We usually only notice lust in its grossest form, but like every other effect that's blatant enough for us to see, it has causes that are themselves effects of more and more subtle causes. You can disarm this process at any point with mindfulness, but the trick is knowing what you're looking for, and having the energy to see through it.
As was said, little glances here and there, flirtatious talk, a split-second daydream, these all can snowball.
I have a real problem with flirting and getting carried away by lust. It used to undermine friendships or at least make them have an uncomfortable undercurrent of sexual tension all the time. It's more under control now, but still a work in process. I've also found viewing all people as your family members helps a lot, as well as fostering warmheartedness towards them
Also, depending on how strong your lust is, you may fall on your face over and over and over in your attempt. Lust has a way of flaring up unexpectedly and sweeping you away. Only a few moments may pass between chanting om mani padme hung and pleasuring yourself
All the more reason to be mindful of your warning signs/thoughts or triggers, and coolly see them for what they are.

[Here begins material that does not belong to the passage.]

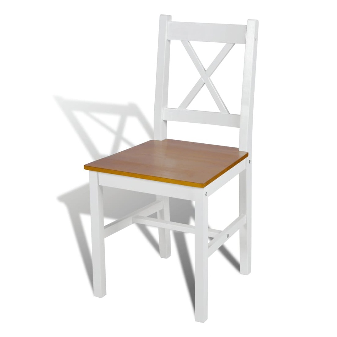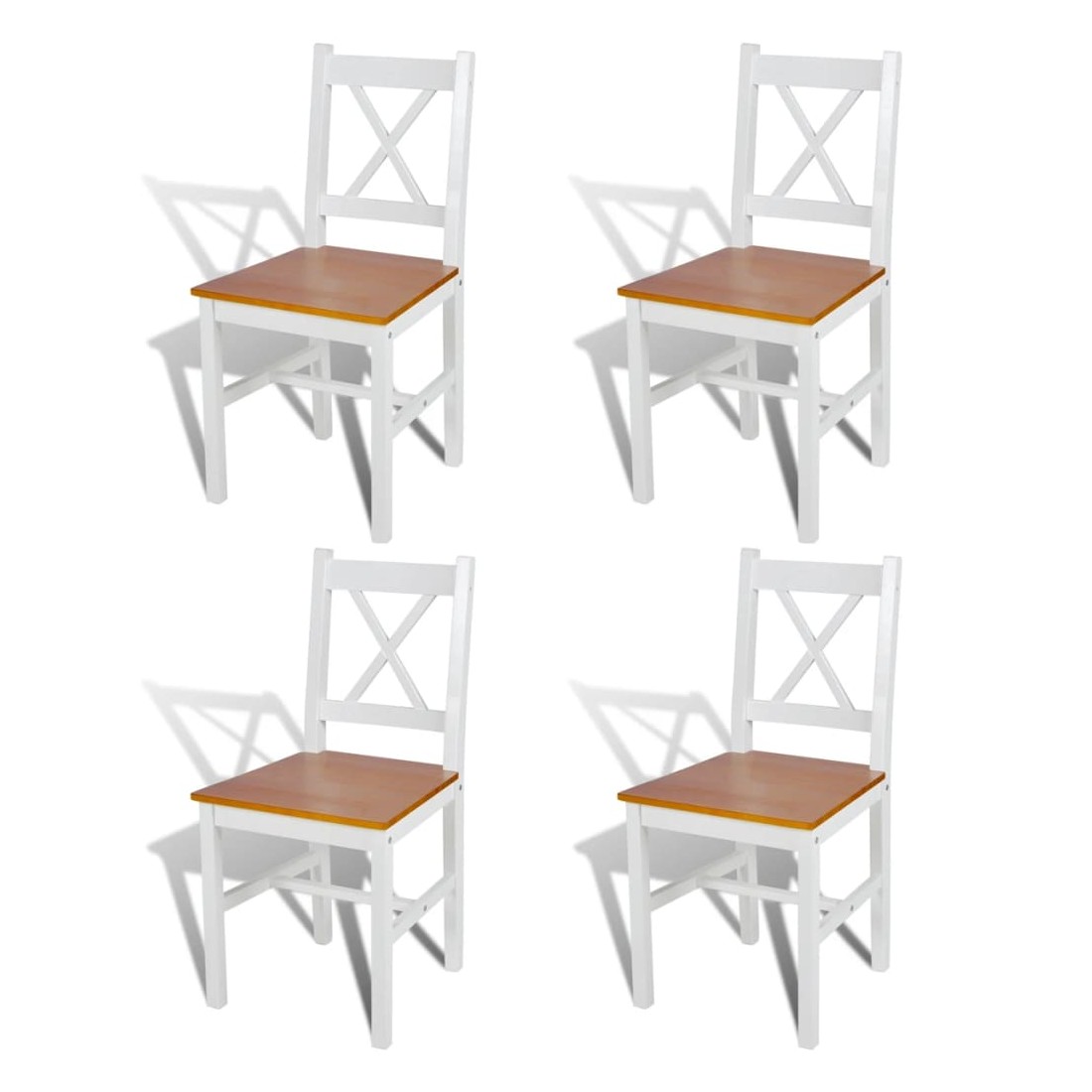 Ce set de chaises à manger, au design simple mais élégant, se compose de 4 chaises et fera un excellent ajout dans votre salle à manger ou votre cuisine.Les chaises sont faites de bois de pin massif, ce qui les rend très stables et durables. La chaise de salle à manger est également facile à nettoyer grâce à sa finition peinte. Elle est conçue de façon ergonomique pour un confort accru.La livraison comprend 4 chaises à manger.

I remember a story of a person suffering greatly from lust asking either the Buddha or a master for advice, and he said to notice the cool and warm feelings in the body. There may be a strong electric feeling in your loins that is really largely a mental preoccupation. Imagining that warmth spreading back out through the body helps cool the fire.
So yeah, just be mindful, and especially be kind with yourself when you fail. Guilt didn't do a single thing for me for 10 years. Now, gentle patience and persistent mindfulness has been bearing modest fruit.
Please take the above post with a grain of salt.